__EXERCISE DIRECTIONS__. Your answer should hold only the lines from the one with "Of spherical form, with" through the end of the records, repeated exactly and minus any pictures.

__EXERCISE MATERIAL__.
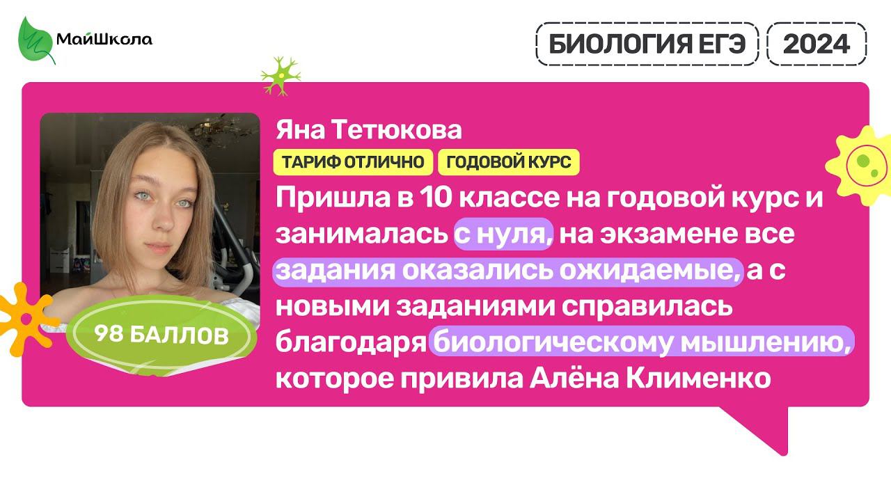 Отзыв Яна Тетюкова 98 баллов ЕГЭ 2024 | Майшкола #егэ #биология Записывайся на актуальные курсы подготовки к ЕГЭ по Биологии здесь: https://clck.ru/359pZ9 МайШкола это: - Опытные преподаватели, которые в совершенстве знают структуру ЕГЭ и каждый год сдают ЕГЭ по своему предмету, чтобы почувствовать себя на месте ученика - У нас авторская программа подготовки, показавшая свою эффективность на результатах ЕГЭ более 3000 учеников - 80 – средний балл учеников на ЕГЭ по Биологии Подписывайся на канал, чтобы не пропустить новые видео и эфиры! https://www.youtube.com/channel/UCq4KDNX4OsLFoOGQjePYWOA?sub_confirmation=1 ► Инстаграм Алены: https://www.instagram.com/alenabiology ► Телеграм-канал: https://t.me/alenabio ► Группа ВК: https://vk.com/public67153074
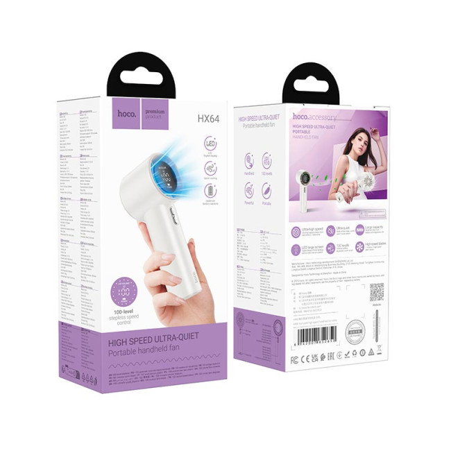 HOCO HX64 - це високошвидкісний ручний вентилятор із двигуном на 13 000 об/хв, який забезпечує потужний потік повітря навіть у найспекотніші дні. Оснащений цифровим дисплеєм та акумулятором на 3600mAh, він підтримує плавне регулювання швидкості на 100 рівнях для комфортного охолодження.
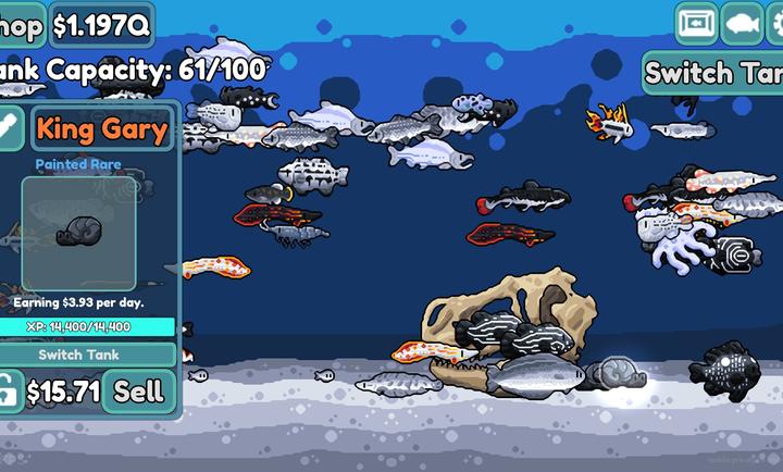 1. 这是一款减压的放置类游戏,购买可爱鱼苗养大后卖掉赚钱。
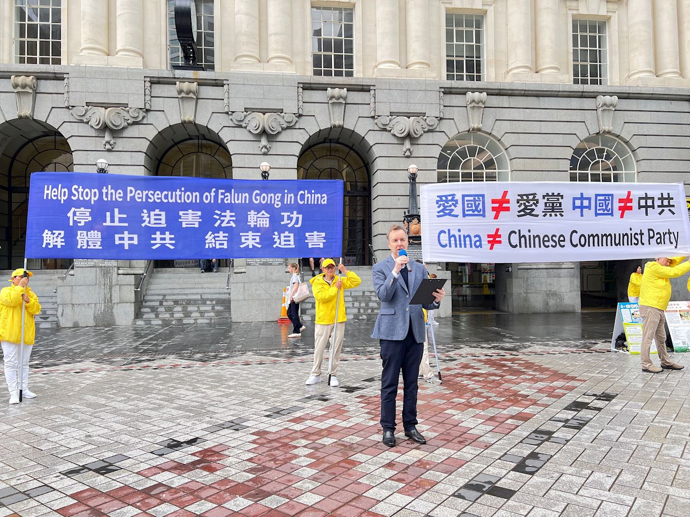 Auch der Menschenrechtsanwalt Kerry Gore hielt eine Rede auf der Kundgebung und verurteilte die seit 26 Jahren andauernde Verfolgung durch die KPCh. Er forderte die internationale Gemeinschaft auf, Maßnahmen zu ergreifen.
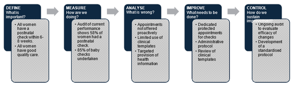 Healthcare in the United Kingdom is provided through the publicly funded, comprehensive and universal National Health Service (NHS). Primary care is delivered by an independent GP contractor model. The responsibility of community postpartum care is shared between midwives, health visitors and general practitioners. The project was undertaken in a general practice that serves the Stretford area in Trafford, a metropolitan borough of Greater Manchester, England. Trafford’s Index of Multiple Deprivation (IMD) Score in 2021 was 16.1 compared to the national average of 21.7 [17]. The practice population is approximately 14,000 patients. The project aim was to meet the standard of care defined by the National Institute for Health and Care Excellence (NICE) Guidelines on Postnatal Care [NG194] that all eligible women undergo a postnatal check within 6-8 weeks after delivery [18].
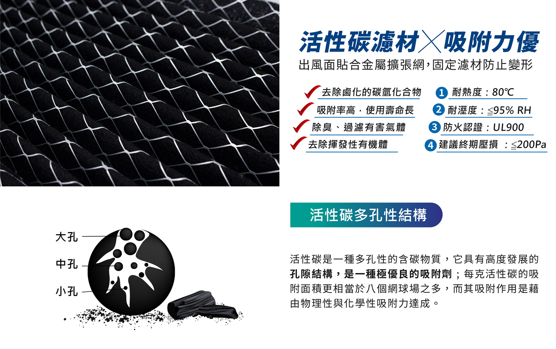 ✔ 吸附效率高、使用壽命長
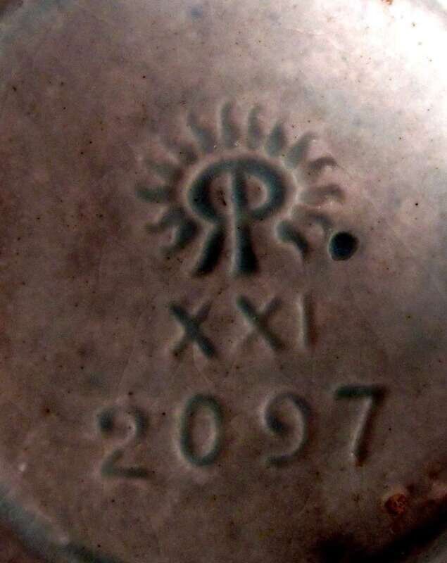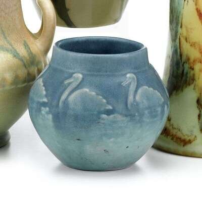Of spherical form, with a raised rim, the sides decorated with a band of swans, mottled blue matte glaze, underside with impressed Rookwood mark and '2097'.
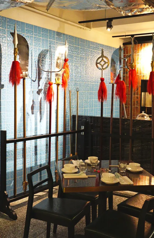 店面高掛的中式牌匾, 大門把手的雙截棍, 舞獅用的大鼓等, 剛踏入食店已甚有功夫睇頭, 內裡到處更充滿武術元素。

__TASK SOLUTION__.
Of spherical form, with a raised rim, the sides decorated with a band of swans, mottled blue matte glaze, underside with impressed Rookwood mark and '2097'.
 店面高掛的中式牌匾, 大門把手的雙截棍, 舞獅用的大鼓等, 剛踏入食店已甚有功夫睇頭, 內裡到處更充滿武術元素。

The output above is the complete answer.